Torniamo un istante indietro per vedere come si consumò la sua compianta morte: Apollo e Giacinto, nudi e col corpo unto d’olio d’oliva, erano intenti nel gioco degli anelli che consisteva nel far arrivare degli anelli in un palo piantato per terra (il lancio del disco secondo Ovidio, o ancora “un gioco da racchetta” secondo il poeta cinquecentesco Giovanni Andrea dell’Anguillara al quale si riferisce Giovanni Battista Tiepolo nel suo dipinto della metà del Settecento). Ed è proprio in quei momenti che Zefiro, con un soffio di vento, decise di deviare un anello che Apollo aveva appena tirato per farlo arrivare al giovane che, colpito, morì. Dal sangue del giovane nacque un fiore di color rosso porpora che Apollo chiamò Giacinto e sul quale incise la disperata esclamazione di dolore “AI”.
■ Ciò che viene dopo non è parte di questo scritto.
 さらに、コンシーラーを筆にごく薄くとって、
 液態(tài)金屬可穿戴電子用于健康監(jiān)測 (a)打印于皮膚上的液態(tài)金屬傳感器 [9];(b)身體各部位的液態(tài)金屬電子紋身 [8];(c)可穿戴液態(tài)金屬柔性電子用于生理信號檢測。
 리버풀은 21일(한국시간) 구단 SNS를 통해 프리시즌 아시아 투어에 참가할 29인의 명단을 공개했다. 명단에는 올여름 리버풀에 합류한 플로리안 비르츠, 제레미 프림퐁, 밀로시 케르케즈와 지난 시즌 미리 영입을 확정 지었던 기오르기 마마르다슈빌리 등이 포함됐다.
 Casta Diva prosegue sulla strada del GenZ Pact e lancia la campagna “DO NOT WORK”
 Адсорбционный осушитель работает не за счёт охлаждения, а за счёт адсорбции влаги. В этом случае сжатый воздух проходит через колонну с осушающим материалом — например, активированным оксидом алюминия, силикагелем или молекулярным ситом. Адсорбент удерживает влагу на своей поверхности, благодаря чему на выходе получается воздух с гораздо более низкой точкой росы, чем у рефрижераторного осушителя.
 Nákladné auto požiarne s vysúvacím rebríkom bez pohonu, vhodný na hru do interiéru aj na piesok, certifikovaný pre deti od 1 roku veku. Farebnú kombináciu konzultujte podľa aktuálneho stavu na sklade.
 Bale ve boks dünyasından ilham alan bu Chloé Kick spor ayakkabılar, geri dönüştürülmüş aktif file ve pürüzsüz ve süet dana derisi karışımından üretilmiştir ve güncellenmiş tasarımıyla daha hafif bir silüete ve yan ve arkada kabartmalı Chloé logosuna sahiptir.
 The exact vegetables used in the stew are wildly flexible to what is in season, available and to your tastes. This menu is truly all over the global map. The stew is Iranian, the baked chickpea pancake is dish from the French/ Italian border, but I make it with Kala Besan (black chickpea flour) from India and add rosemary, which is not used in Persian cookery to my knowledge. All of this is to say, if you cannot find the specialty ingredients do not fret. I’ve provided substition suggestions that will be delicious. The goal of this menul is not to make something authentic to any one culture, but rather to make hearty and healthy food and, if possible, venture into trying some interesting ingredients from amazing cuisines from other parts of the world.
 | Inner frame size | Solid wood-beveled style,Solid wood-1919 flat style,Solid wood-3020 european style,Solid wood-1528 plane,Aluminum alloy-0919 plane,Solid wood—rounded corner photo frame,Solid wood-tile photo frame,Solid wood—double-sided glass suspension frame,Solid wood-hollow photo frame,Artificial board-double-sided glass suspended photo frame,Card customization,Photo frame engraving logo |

Giacinto era il protagonista delle Giacinzie, solenni feste celebrate dagli spartani nella vicina città di Amicle, secondo il mito fondata dal padre di Giacinto. Erano delle importanti feste dedicate alla natura che segnavano il passaggio dalla primavera all’estate, oltre che dalla morte alla vita, Giacinto che risorgeva come fiore. Nell’arte l’iconografia mostra spesso Apollo e Giacinto insieme e, non rara, è la ripresa in epoca moderna in incisioni italiane della prima metà del Cinquecento come le stampe di Marcantonio Raimondi e Jacopo da Caraglio, o ancora in affreschi come quelli della celebre Galleria di Annibale Carracci nel Palazzo Farnese di Roma dei primissimi anni del Seicento, dove il dio conduce il giovane al cielo. Nello stesso luogo, dopo qualche anno, Domenichino dipinse invece la morte del giovane con il dio piangente a compiangerla.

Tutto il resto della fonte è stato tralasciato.